Reasons for hope and new warning signs
The crisis took a president – who did not give enough priority to the health of his nation over his own political perspectives – and now puts another to the test, who promises to be “focused” this week on a package of aid for the covid of $ 1.9 trillion, designed to accelerate the end of the pandemic and alleviate its dire economic consequences.
“In the coming decades, people are going to talk about this as a terribly historic milestone in the history of this country, that so many people have died of a respiratory infection,” Fauci said.
Reasons for hope and new warning signs
The crisis took a president – who did not give enough priority to the health of his nation over his own political perspectives – and now puts another to the test, who promises to be “focused” this week on a package of aid for the covid of $ 1.9 trillion, designed to accelerate the end of the pandemic and alleviate its dire economic consequences.
Such complications, and the desire to prepare the country for the long term if necessary, show Biden’s extremely cautious approach, which in itself contrasts with the misplaced optimism of the previous White House.
“God willing, this Christmas will be different than before,” the president said in Michigan on Friday, expanding on a comment he had first made on a CNN forum in Wisconsin earlier in the week.
But I can’t commit to you. There are other variants of the virus. We don’t know what could happen in terms of production rates (of vaccines). Things can change. But we are doing everything that science has indicated we should do and people are stepping up. “
No projections
Fauci explained Biden’s precautions on “State of the Union” when he noted that the president had warned against making screenings.
“These are just projections that are estimates and a lot can happen to change it. And that is why we have to be careful, because there are variants that must be dealt with. There are many other things that would make a projection that I give you today, this Sunday, different in six months, ”said Fauci.

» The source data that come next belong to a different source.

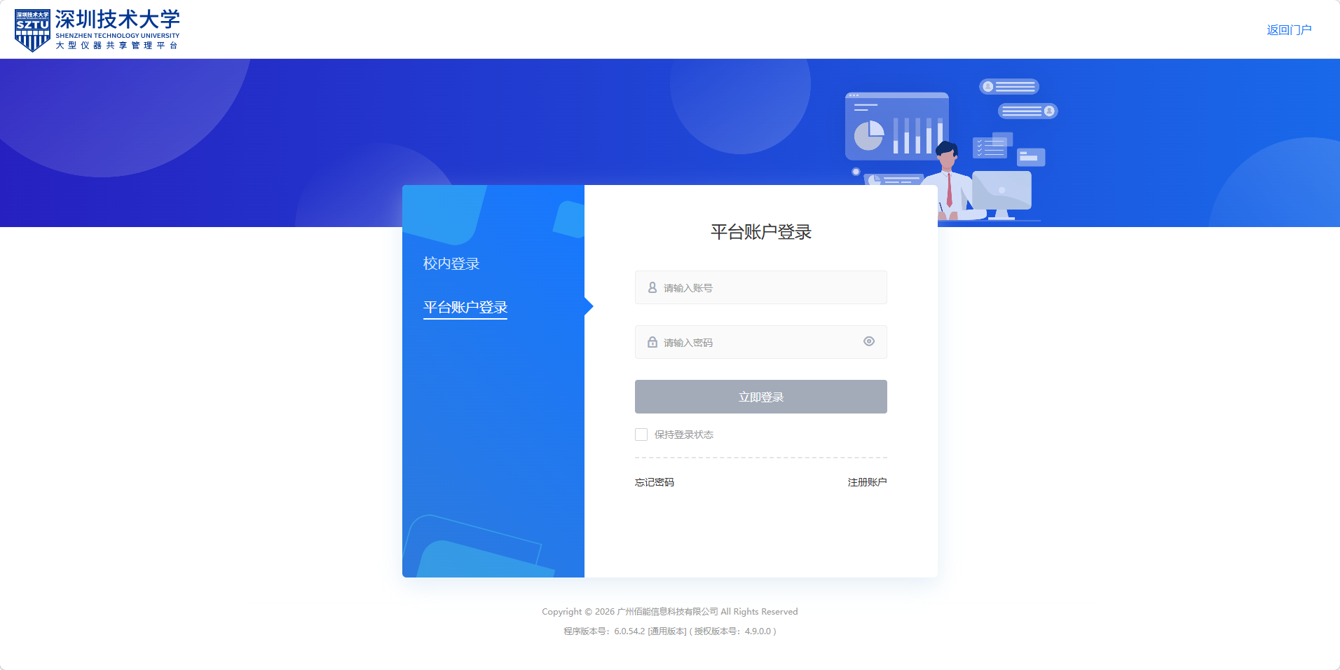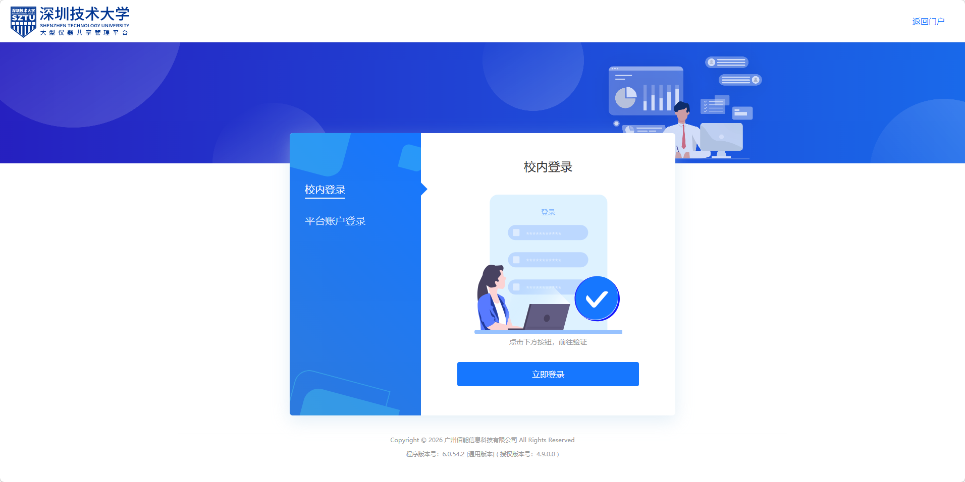 4、预约系统登录分“校内登录”和“平台账户登录”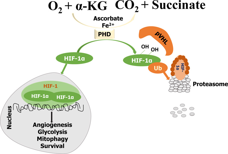 Regulation of HIF occurs through two oxygen-dependent mechanisms: PHD represents one part of the regulation of HIF, and FIH represents the other. Essentially, the enzymes of the families of both PHD and FIH utilize ascorbate, a-ketoglutarate (alpha-KG), and O2 as their substrates, whereas their catalytic center consists of Fe2+ [48]. The role of PHD is to bind specific residues of HIF-1alpha or HIF-2alpha subunits and cause ubiquitination, leading to the degradation of HIF in the proteasome and, as a result, preventing HIF from being involved in gene transcription. On the other hand, FIH prevents the activation of HIF by blocking the co-activators of HIF. At low oxygen levels, oxygen serves as a limiting substrate for both FIH and PHD; when the oxygen levels are normal, PHD and FIH are active but inactive when the oxygen levels are low [2, 25].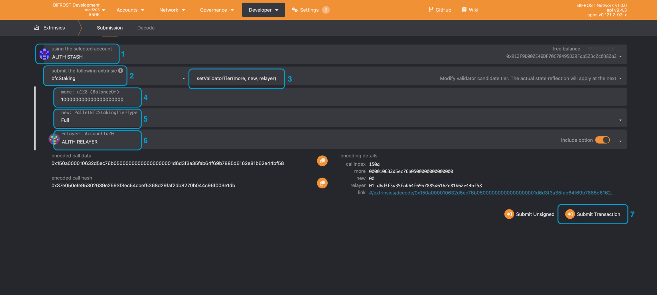more매개변수에 BFC 금액을 wei 단위로 입력합니다. 그렇지 않으면 0을 입력합니다.변경하고자 하는 노드의 티어를 선택합니다. ("Full" 또는 "Basic" 선택)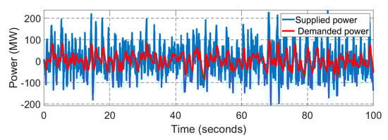 where Ω(s) is the speed of the synchronous generator, H is the inertia of the synchronous generator, ΔPm is the historical change of the mechanical power, and ΔPe is the historical change of the electrical power. Moreover, the modelling of the load demand is represented based on Equation (2):

This uncertainty is one of the reasons Fauci said it was “possible” that the use of masks would still be necessary in 2022, depending on the level of virus that remains in the community for the next year or more.
“When it goes down a lot and the vast majority of people in the population are vaccinated, then I would feel comfortable saying: we have to take off our masks, we don’t need to wear masks,” Fauci said.
The rapid decline in covid-19 cases, reflecting the slowing increase in the Christmas season, will inevitably increase the pressure for a faster return to normalcy. In fact, some states have already significantly eased restrictions on restaurants and retail industries. The changing dynamics will cause a growing political headache for the president if he is seeking a deliberate pace for reopening. The lesson of Trump’s hasty demands to get back to normal last summer, which helped spark a disastrous wave of infections, is that declaring victory too quickly is unwise and could create the conditions for existing and ongoing mutations. evolution of the virus find a foothold and prolong the pandemic.
Three influential medical associations issued a warning Sunday that despite signs of hope, the challenges from COVID-19 remain dire.
“With newer and more contagious variants of the virus circulating in the United States, now is not the time to lower our guard and reduce the measures that we know will work to prevent further illness and death,” said the American Medical Association, the American Hospital Association and the American Nurses Association in a statement.
It is a message that mirrors that of the White House: cautious optimism but knowing that the pernicious nature of this deadly pandemic, which has consistently exceeded the projected death toll and could claim tens of thousands more lives, means that it is not you can take nothing for granted.
CNN’s Arlette Saenz and Jessica Firger contributed to this story.